@MohammedSF i can understand the idea that you are trying to say and tell the guys about ingeneral you are right but actually the assumptions and information that you used to do so is not accurate and wrong in some places, i'll try to exlain it better
MohammedSf wroteIf the performance of a single GTX 980 chokes when going down to PCIE 2.0 4x from 2.0 8x, but not from 16x to 8x, then the external throughput of the card should be in the 8GB/s range, ok
Well your logic is right but its not quite the case, yes the GTX980 chockes when going down from from 8x to 4x but that doesnt mean it needs the 8GB/s.. you forgot an important thing in Pcie bus and that is LATENCY, when you increase the bandwidth on a bus the latency will drop down regardless if you are using the full 8GB/s or just 500MB/s, inother words if you are sending 500Mb on a 8GB/s line is slower than sending them on a 16Gb/s line. and PCi express has much more problems than that where not going to talk about it but the size of "packets" you are sending even matters, so you cant quite assume that it is in the 8GB/s range it may be in the 1GB/s range but due to latency in the slower bus the performance degraded.
MohammedSF wroteAlso, that means PCIE 2.0 16x bus is even enough for 2 GTX 980 cards in 8x/8x sli (8GB/s for each card), but what happens if you go tri-sli ?
On a PCIE 2.0 8x/8x/4x configuration the throughput is (8GB/s+8GB/s+4GB/s=20GB/s) which is impossible since PCIE 2.0's max bandwidth is 16GB/s, that means either card #1 & #2 are sharing 12GB/s + card #3 @ 4GB/s, or card #1 runs @ 8GB/s + card #2 & #3 are sharing 6+2GB/s or something...
In both ways you have lost performance and card #3 is choking !

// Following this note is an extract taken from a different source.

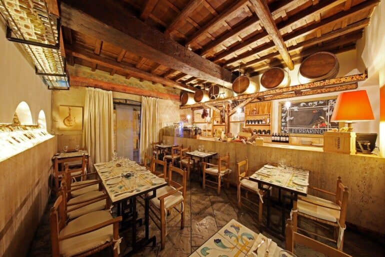Rimessa Roscioli è un famoso locale tra Campo de’ Fiori e Trastevere, un luogo che vi attende per farvi vivere un’esperienza di wine tasting completamente nuova. Da un calice al volo fino a una degustazione personalizzata da 500 euro, da Rimessa Roscioli gli appassionati di vino ad ogni livello possono provare tanti tipi di esperienze diverse e scoprire la storia, le origini e le caratteristiche dei vari produttori. A prima vista il locale ha un aspetto rustico: le luci sono suffuse, e creano un’atmosfera romantica, i sommelier ti accolgono calorosamente, e puoi anche sbirciare nella cucina all’aperto, e vedere il cuoco mentre affetta il prosciutto e impiatta la burrata fresca, prodotta quella stessa mattina. La lista dei vini potrebbe mandare fuori di testa anche i conoscitori più esperti. Il menù infatti comprende sia i vini tradizionali che quelli organici, e può essere condiviso o in una cena di coppia o durante una degustazione di vini con più persone.

actually PCIe max bandwidth isn't 16GB/s the 16 lanes bandwidth is 16GB/sec but there are more than 16 independent lanes on the system the cpu has 16 lanes yes but the southbridge offers independant lanes too, so no cards won't be sharing bandwidth but rather the one on only 4 lanes with suffer from bandwidth/latency issues.
MohammedSF wroteSomewhere on your board, your latest i7 4790k is connected to the external bus @ 5GT/s (37.25GB/s) while somewhere else the memory controller connects the external bus to dual-channel DDR3-1600mhz RAM @ 25GB/s..
Can you see the bottleneck ? 37.25GB/s vs. 25GB/s ?!
]The performance loss isn't that huge right, you know why ? because a single 4790k processor doesn't benefit from such bus while 2 or more definitely does.
I dunno where did you get that info but the i7 4790k is only connected to the DMI at 5GT/s(Intel terrible marketing number) which translates to around max 5GB/s and not to 32GB/s like the 5GT/s of Pci express,do u see how companies make use of some terms that the "Tech Authorities" around the internet relate to something good lol Smart Intel engineers.
What they mean is that the DMI bus tranfers data at 5GT/s but the DMI has 4 deferential pairs which moves the number to 20GT/s in total sounds great 20GT/s is always better and it is exactly equal to 20Gbit/s because of how this bus works, but this bus uses an encoding scheme that we are not gonna talk about now,it has around lets say 20% overhead which moves the number to 16Gb/s and you divide by 8 which gives us 2GB/s multiply by 2 gives us 4GB/s...ohh well it's 4GB/s bus hehe, and not 37.25GB/s everyone on the internet talks about. smart Intel but not on me =D
anyway also the CPU is connected to the PCIexpress lanes via a ~3-4Ghz QPI bus(no information about Haswell non Xeon cpus also a bad move from intel) translates to somewhere around ~25-30GB/s, and to the memory with a 25GB/s bus. so what you wrote about the bottleneck makes no sense since we are talking about two independent mediums. and the last sentence also isn't true since the 4790k is more than capable of making use of this bus since this Bus is the same one that passes the data around the Cpu not only memory stuff. anyway i hope it is clearer now, if you read the Pci express technical papers you will notice lots of marketing nonsense in how it works and numbers companies provide.
edit: btw if you use single or dual channel ram you are still using a 25.6GB/s bus and not like what you said 12.5GB/s the difference is in something else
edit2: just realized that QPI in haswell is still 3.2Ghz and haven't been upgraded like server Haswell CPUs, simply the 25.6 GB/s memory bus is the same as QPI lol intel says memory bus is 25.6GB/s and its exactly the bandwidth of a 3.2Ghz QPI which dates back to Nehalem days.